Task statement
Reproduce only the lines below from the line containing "ビバハート VIVA HEART" to the line containing "Змееподобный бехир ползает", exactly as written, with both end lines kept. Omit the pictures.

Data extracted from a collection
::::::
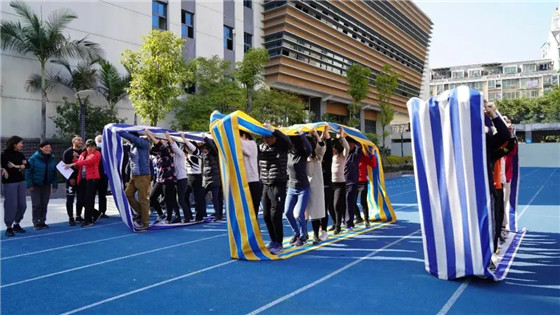 福州第十八中学开展的是迎新年趣味活动。无敌风火轮、时空隧道、踩气球以及拔河比赛,让老师们工作的紧张和生活的压力随着掌声和笑声得到了有效缓解和释放。
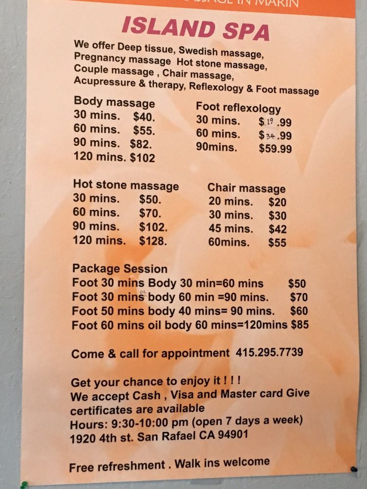 Always come out feeling relaxed, rejuvenated and grounded. The team is professional they all have excellent skills to release tension and knots. I highly encourage you to experience Island Spa!
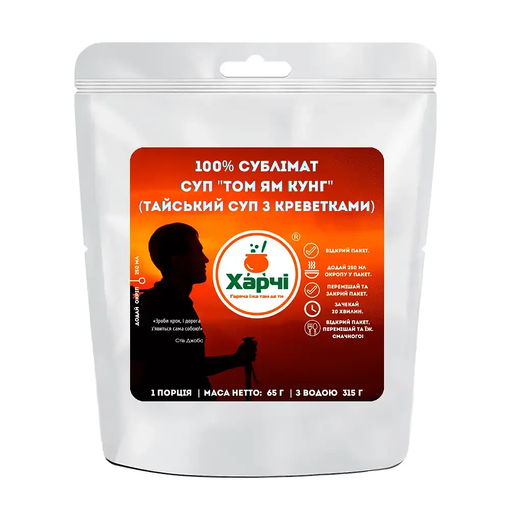 Сублимированный суп "Том Ям Кунг" (куриный бульон, лемонграсс, лук шалот, соевое масло, перец чили, галангал, чеснок, имбирь, пальмовый сахар, цедра каффир лайма, рыбный соус, тамаринд, помидоры, креветки; сухое кокосовое молоко, шампиньоны, куркума, кинза, соль
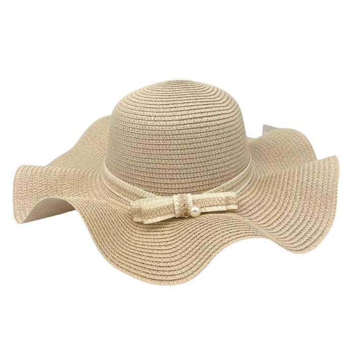 Elegante zomerhoed van stro met een golvende rand voor dames. Deze beige kleurige hoed is versierd met een strik en een parel. Naast het bieden van bescherming tegen de zon, voegt de hoed ook een vleugje elegantie toe aan elke zomerse outfit. Perfect voor een dagje aan het strand, een tuinfeest of een ontspannen wandeling in het park. Combineer deze hoed met een luchtige jurk en sandalen voor een moeiteloos chique uitstraling.
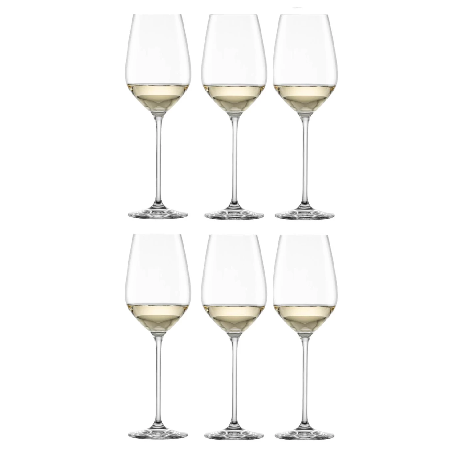 De witte wijnglazen worden geleverd in een set van zes stuks.
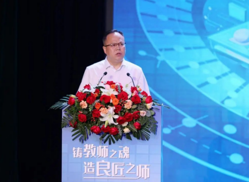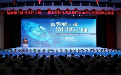 教育部教師工作司副司長翁波指出,教師隊伍建設(shè)是職業(yè)教育發(fā)展的根本,我國的職業(yè)教育教師隊伍結(jié)構(gòu)不斷優(yōu)化,專業(yè)發(fā)展成效顯著,校企合作渠道順暢,先進典型不斷涌現(xiàn),有力地支撐了現(xiàn)代化產(chǎn)業(yè)體系建設(shè)和高質(zhì)量發(fā)展。他介紹了此次宣講會活動的背景和宣講團組建的過程,號召全國各地各校職教教師向宣講團的優(yōu)秀教師學(xué)習,將他們的精神發(fā)揚光大,開花結(jié)果,為建設(shè)現(xiàn)代化的職業(yè)教育體系,為建設(shè)教育強國貢獻力量。
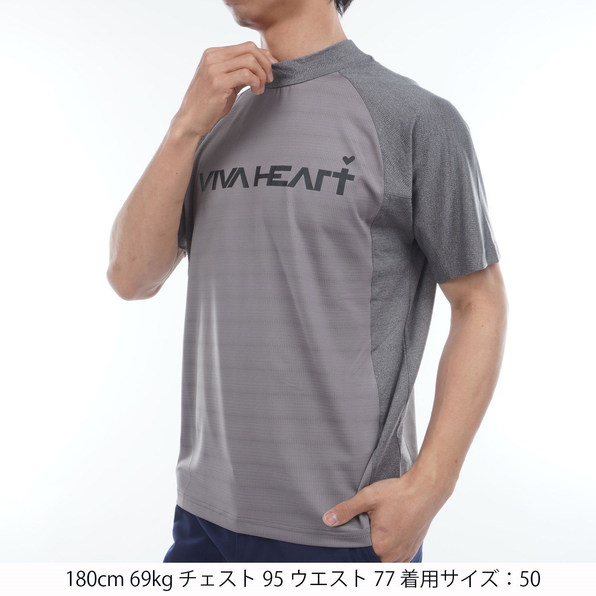 ビバハート VIVA HEART パターンメッシュアスレチック半袖シャツ 50 ブラック 019
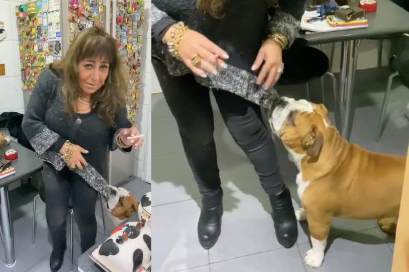 La mascota fortachona empezó a tironear del chaleco de la abogada, arrastrándola por toda su cocina ante su total desesperación.
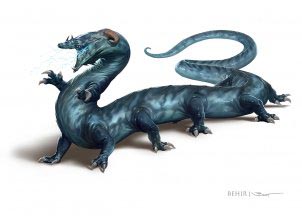 Змееподобный бехир ползает по полу и лазает по стенам, чтобы схватить свою добычу. Его электрическое дыхание может сжечь большинство существ, а более сильных противников он сжимает, обернувшись вокруг них кольцами, и съедает заживо.
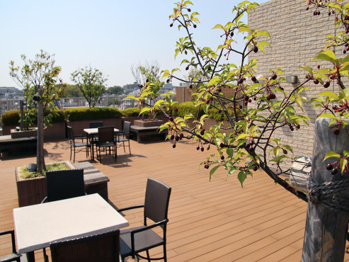 早咲の桜やビワ、サクランボ、キンカンなど実のなる樹木がある、四季を感じる開放感いっぱいの屋上です。
::::::
Answer space
 ビバハート VIVA HEART パターンメッシュアスレチック半袖シャツ 50 ブラック 019
 La mascota fortachona empezó a tironear del chaleco de la abogada, arrastrándola por toda su cocina ante su total desesperación.
 Змееподобный бехир ползает по полу и лазает по стенам, чтобы схватить свою добычу. Его электрическое дыхание может сжечь большинство существ, а более сильных противников он сжимает, обернувшись вокруг них кольцами, и съедает заживо.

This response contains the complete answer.